I jump up, gun held in front of me, and I take slow steps toward the source of the noise, thankful that Lindsay's staying with my mother until the bedlam that my life is drowning in can be sorted out, until it's safe for her again. It's not ideal, but it's necessary, and it makes me hate Liz for putting us all in this predicament, for taking away our safety, for forcing us into fear. I peek through the curtain as I pass, noting the unmarked vehicle sitting across the street. It wouldn't be the first time a suspect's gotten past a detail.

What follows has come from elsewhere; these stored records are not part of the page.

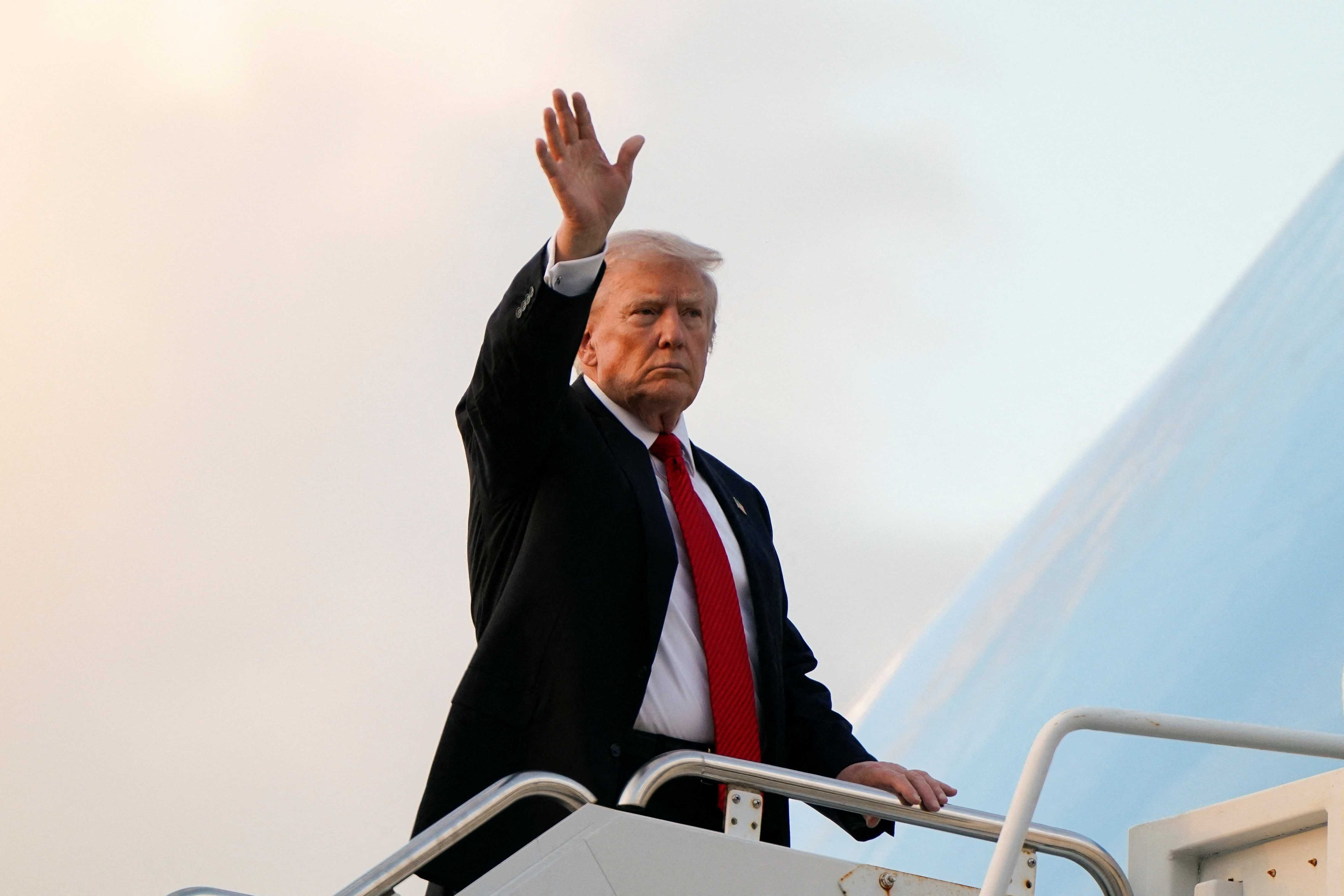 U.S. President Donald Trump waves as he boards Air Force One en route to Washington at Palm Beach International Airport in West Palm Beach, Florida, U.S., November 2, 2025. REUTERS/Elizabeth Frantz
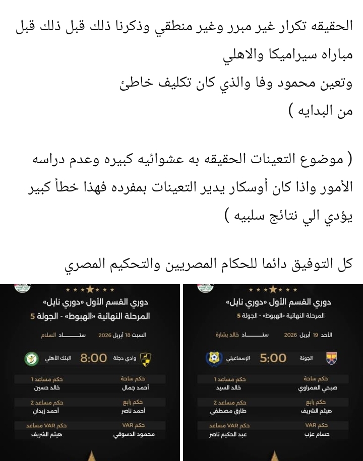 واعتبر دجيش أن تكرار مثل هذه القرارات يعكس، بحسب وصفه، عشوائية في إدارة ملف التعيينات، محذرًا من أن استمرار هذا النهج قد ينعكس سلبًا على مستوى التحكيم.
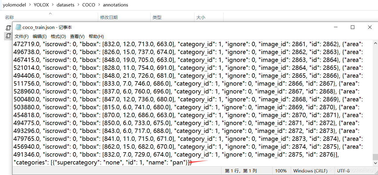 4、接下来可以训练自己的数据集了,yolox里面支持voc和coco数据集,这边我采用的是cooc数据集格式,因为之前跑其他模型得时候已经制作过coco数据集,这里就不介绍如何制作了,网上教程也很多,大家可以自行参考。
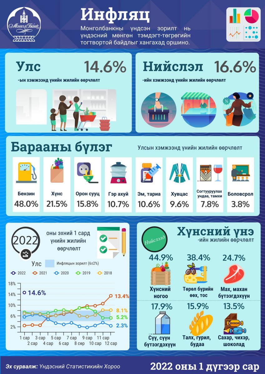 Тэгвэл Төв банкнаас инфляцын задаргааг харуулсан дараах инфографик мэдээллийг өгч байна
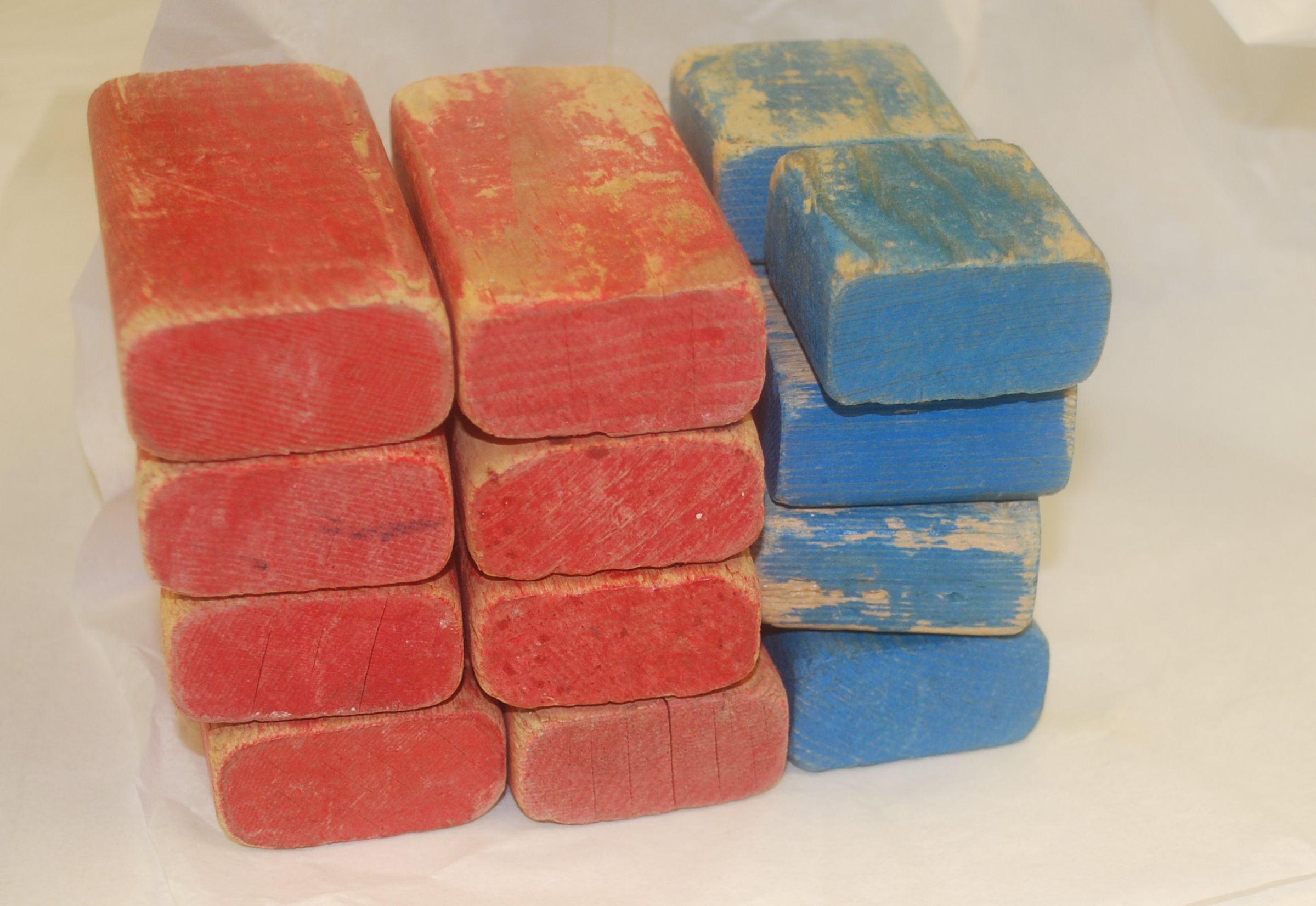 This is a set of 16 wooden toy building blocks. There are 8 red rectangular blocks that measure 0.75" (h) x 1.5" (w) x 3.5" (l). There are 8 rectangular blue blocks that measure 1.5" (h) x 1.75" (w) x 3.25" (l).

When I approach the kitchen, there are mixing bowls on the counter, baking ingredients lined up behind them, and the refrigerator is hanging wide open. Sara rises from a hunkered position on the floor, a carton of eggs held in her hand and a half gallon of milk clutched between her chest and bicep.

"Jesus, Sara!" She whips around, surprisingly keeping both objects from dropping to the floor, and looks at me with guilty eyes.

"I woke you. I'm sorry. I couldn't sleep." She doesn't seem fazed by the gun pointed at her chest, the metal gleaming in the soft glow from the light above the sink. She doesn't mention it at all, even as I lower the weapon, clicking on the safety and placing it gently on the kitchen table.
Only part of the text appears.